Iggy Iggy - 5 months ago 20
Ruby Question

How to make a hash of all vowels in a string?

I have googled it everywhere (here, here, here) but strangely I could not find it.

I have a string,

str = "make stackoverflow great again"
. How can I make a hash of all the vowel occurrences in that string?
{"a"=>5, "e"=>3, "i"=>1, "o"=>2, "u"=>0}

Right now I have the most obtuse, least-ruby-like method:

def count_vowels(string)
list = {}
a = string.count("a")
e = string.count("e")
i = string.count("i")
o = string.count("o")
u = string.count("u")

list["a"] = a
list["e"] = e
list["i"] = i
list["o"] = o
list["u"] = u


What is the most ruby-esque way to make a hash of all the vowels in any given string?


I'm just going to include an O(n) solution since the prior are all O(n^2).

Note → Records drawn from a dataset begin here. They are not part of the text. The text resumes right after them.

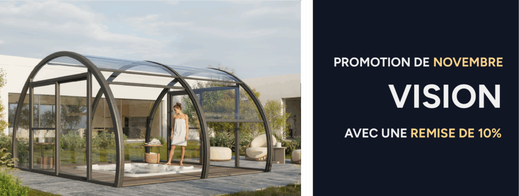 Et parce que nous savons que l’installation d’un abri représente un véritable investissement, nous vous proposons une offre exceptionnelle tout au long du mois de novembre pour profiter pleinement de votre spa. Du 1er au 30 novembre, vous pouvez acquérir notre modèle exclusif Vision avec 10 % de remise.
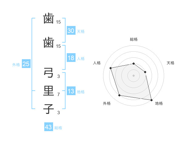 歯歯 弓里子さんの天格は30画の2点!
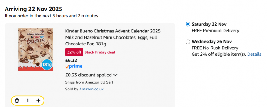 Oh yes, I have found my advent calendar! Not got yours yet? This Kinder Bueno Christmas Advent Calendar 2025 has dropped to £6.32 instead of £9.75, when you subscribe and save at Amazon. This is part of their Black Friday deals and so we expect it sell fast!
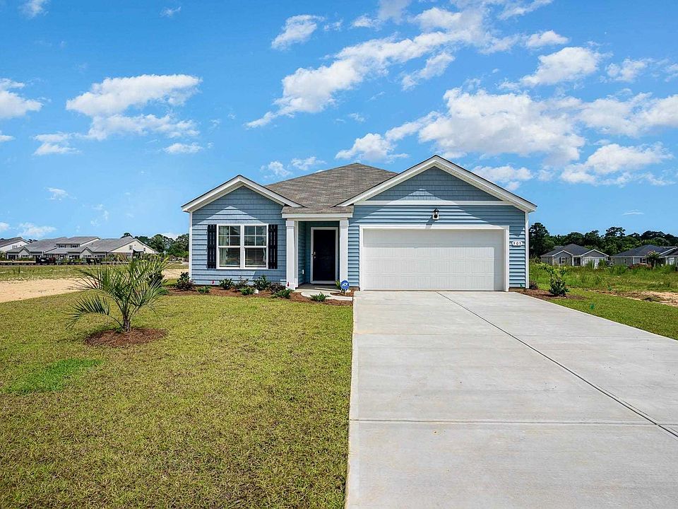 Looking for convenience to all the amenities that the South Strand has to offer at an affordable price? Look no further than Oak Estates East! This community features our Express homes which means your piece of the American Dream is within reach. This Aria plan is the perfect choice for any stage of life whether you are buying your first home or downsizing. Featuring a bright and airy open floor plan that is great for guests visiting you at the beach and a kitchen that boasts 36" cabinetry, granite countertops, a large working island with breakfast bar, pantry with ample storage, and all stainless Whirlpool appliances including a refrigerator. Sliding glass doors off the dining area lead to the rear covered porch creating a seamless transition from indoor to outdoor living. The split bedroom floorplan creates a private primary bedroom suite with a walk-in closet and spacious bathroom offering a double vanity and 5' shower. Blinds will be included throughout the house on all standard sized windows and the living room and all bedrooms will be pre-wired for cable and ceiling fans. Two-car garage with garage door opener plus our QuickTie framing system. It gets better- this is America's Smart Home! Control the thermostat, front door light and lock, and video doorbell from your smartphone or with voice commands to Alexa. *Photos are of a similar Aria home. (Home and community information, including pricing, included features, terms, availability and amenities, are subject to change prior to sale at any time without notice or obligation. Square footages are approximate. Pictures, photographs, colors, features, and sizes are for illustration purposes only and will vary from the homes as built. Equal housing opportunity builder.)
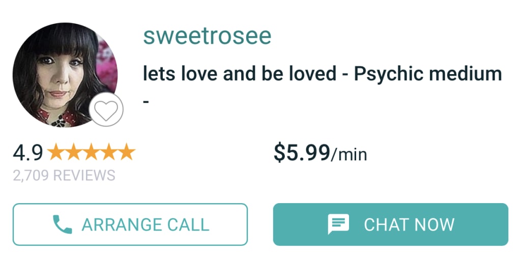 I spoke to SweetRosee and she was scary good. At least for me anyway. She's a medium and a psychic and like her name, is super sweet. I'd had the feeling someone had been trying to get a message to me and by chance found her on keen. The first thing she said after hello she was instantly asking if I have a cat and told me someone with her was telling her I'm a "cat lady"! (this is true lol I have 2 kitties and I love cats.) It took her a moment to figure out who was talking to her, she knew it was a male and then started describing him and I knew it was my grandfather. She started describing specifics about my grandfather and describing things I'd been seeing lately (i didnt even tell her about them, she brought them up.) and told me they were signs from him trying to get my attention. She picked up that he drove a big red truck and liked to hunt and the woods, knew of his back problems and that he had big feet (he really did too. We had to buy his shoes at a speciality store!) and a bunch of other things specifically about him.And crazy enough, she picked up on my ex as well. (She sort of bounces between what the spirits are telling her, what she's picking up at that time, what she's seeing coming, etc.)
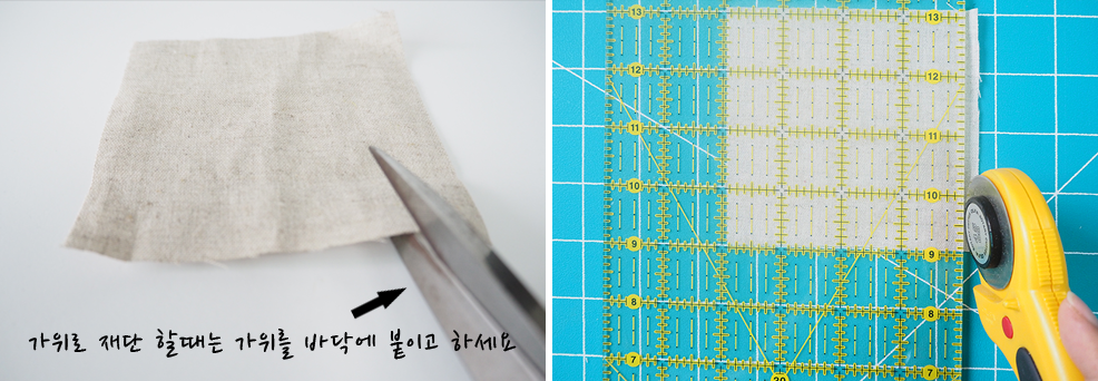 재단을 가위를 이용해서 할 때는 가위를 바닥에 대고 해야 정확히 할 수 있습니다.
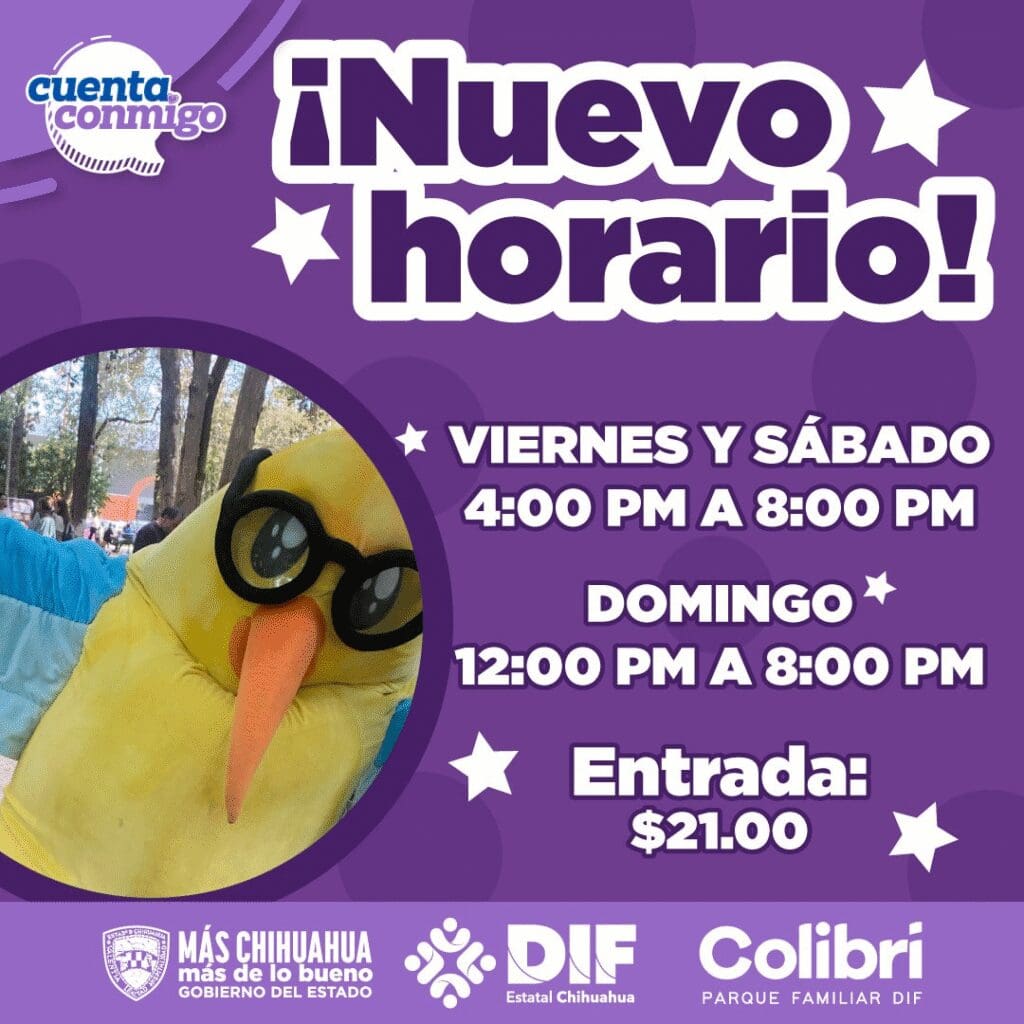El DIF Estatal anunció un cambio en el horario del Parque Infantil “El Colibrí”, con el objetivo de brindar a las familias chihuahuenses más tiempo para convivir, jugar y disfrutar de este espacio recreativo al aire libre. La medida busca promover momentos de esparcimiento en un ambiente seguro, especialmente durante las tardes y fines de semana.

str.gsub(/[^aeiou]/, "").each_char.each_with_object(Hash.new(0)) { |vowel, hash| hash[vowel] += 1 }
=> {"a"=>5, "e"=>3, "o"=>2, "i"=>1}

Determining the Big O notation of this isn't perfect, so bear with me.

Step 1 - O(n)

str.gsub(/[^aeiou]/, "")
=> "aeaoeoeaaai"

This step loops through the string characters and removes consonants. I did my best to try and find the actual runtime of gsub but without doing my own benchmarks I can't really be sure. I found this when originally writing my answer but it is also not ironclad. gsub should find all indexes that match the expression and return those values as a new string.

Step 2 - O(n)


Simply takes the string returned and returns an Enumerator. Depending on the language, turning a string into an array of strings/chars has at worst a runtime of the length of the string (hence O(n)). With ruby, returning an Enumerator is actually lazily evaluated so you could argue here we're in O(1).

Step 3 - O(n)

each_with_object(Hash.new(0)) { |vowel, hash| hash[vowel] += 1 }

There are multiple sub-steps here:

Step 3a - Instantiate a new Hash object O(1) who's default value is 0.

Step 3b - Assign/find the key (vowel) in the hash - average O(1), worst case O(n)

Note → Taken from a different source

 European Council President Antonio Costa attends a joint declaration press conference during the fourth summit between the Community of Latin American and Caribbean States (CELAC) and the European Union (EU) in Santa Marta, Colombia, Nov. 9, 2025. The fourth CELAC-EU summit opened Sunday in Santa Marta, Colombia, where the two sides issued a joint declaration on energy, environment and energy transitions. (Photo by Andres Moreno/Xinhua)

Step 3c - Increment that value by 1 - O(1)

Step 3d - Loop through each letter - O(n)

So that means from our 3 steps we have O(n) + O(n) + O(n) which is really O(3n) but Big O states we can drop constants like 3 in this instance, so it just becomes O(n).

I myself am also still learning Big O so this explanation could likely use some community input.